We welcome the critical review by Montassier and Freund on our article on the rationale and methods of the “MEDITA” study [1]. Below, we provide point-by-point answers to all comments.

Methoxyflurane is currently being introduced in Europe, and its use is supported by robust data in the literature (including the STOP! study [2]) and by extensive experience in clinical practice, particularly in Australia. Although such data are adequate to support the introduction into clinical practice in Europe, further head-to-head studies vs. the best currently used therapeutic options, in terms of effectiveness and rapidity of onset, are needed. These data will help to identify methoxyflurane’s place in therapy, which today is a promising option with potential advantages compared with the drugs on the market. There are now emerging data in Europe: the “InMediate” study [3], which randomised 310 patients with trauma pain to methoxyflurane or standard of care (SoC) analgesia, has recently been completed in Spain. Preliminary results indicate that methoxyflurane significantly (p < 0.0001) reduced pain severity compared with SoC up to 20 min after the start of treatment [4]. Another ongoing study, “PenASAP”, will randomise 360 patients with trauma pain in a double-blind fashion to Penthrox or placebo, administered in addition to SoC [5]. These studies, together with the MEDITA study, which is the subject of this letter [1], all conducted with high methodological and qualitative standards, aim to resolve the uncertainties that currently persist.

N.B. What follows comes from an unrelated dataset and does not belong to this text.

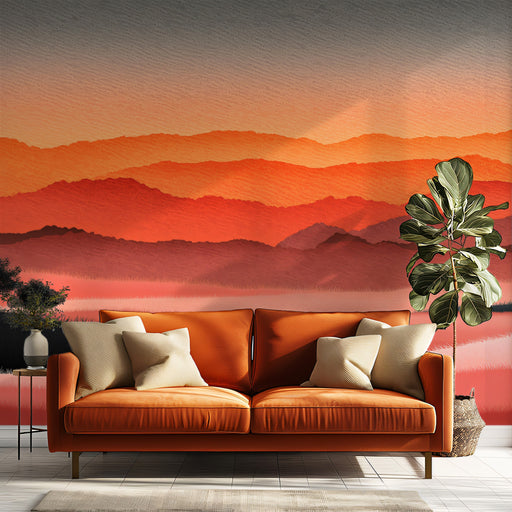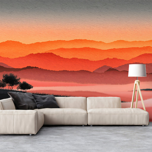 Visualizza tutti i dettagliCarta da parati murale tramonto retrò | Paesaggio astratto stratificato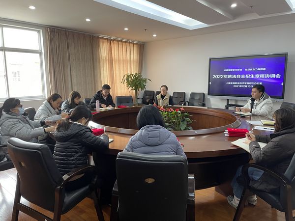 12月16日下午,学校召开2022年依法自主招生章程协调会。会议对2022年依法自主招生章程内容进行商议,对2022年招生宣传工作进行安排布署。分管校领导、各二级学院行政办公室主任和招生办公室全体出席会议。

Oral analgesia was not used to treat patients with moderate pain (NRS 4–6) in the MEDITA study since intravenous (IV) therapy is the common clinical practice in Italy where the study was conducted, although it should be underlined that there is wide heterogeneity in the therapeutic approach and oligoanalgesia still represents a widespread issue. The use of IV formulations is consistent with Italian Intersociety Recommendations on pain management in the emergency setting [6]. Likewise, in the Spanish InMediate study, oral agents were administered to only 10.7% of patients in the SoC group, although it should be noted that the majority of patients (76.5%) had severe pain (NRS ≥ 7). Moreover, we think that in the context of a clinical study, to evaluate the net efficacy of the molecule, it is more appropriate to use an IV formulation to make the comparison more homogeneous and to obtain head-to-head data vs. the most effective therapeutic option. A comparison vs. oral drugs would have given an obvious result because of the latency in the onset of action. A pharmacoeconomic analysis will be conducted separately at the end of the study.

The primary pain intensity end point in the “MEDITA” study is assessed over the first 10 min because of the rapid action of the drug and represents the most challenging comparison for methoxyflurane. By definition, IV medicinal products are immediately ready to act. This also correlates with the indication of methoxyflurane: emergency relief of moderate-to-severe pain in conscious adult patients with trauma and associated pain and the unmet need of receiving an easy-to-use, rapid-acting and effective first-line analgesic treatment for trauma-related pain. Methoxyflurane is already known to be effective at 30 min, so the 10-min end point in the MEDITA trial provides additional information about its efficacy profile. Long duration of action is not the goal of methoxyflurane treatment. In any case, intermittent administration produces a longer analgesic effect, and if required there is the option to administer a second 3-ml dose in clinical practice. While the Penthrox inhaler indeed requires responsible disposal [7], other analgesics also have challenges in terms of consumables that are single use and non-recyclable (e.g. syringes, flasks, cannulas, needles, etc.).

Finally, Mundipharma strongly encourages and supports independent research as far as possible, and we agree that third parties have an important role to play in future investigations of methoxyflurane.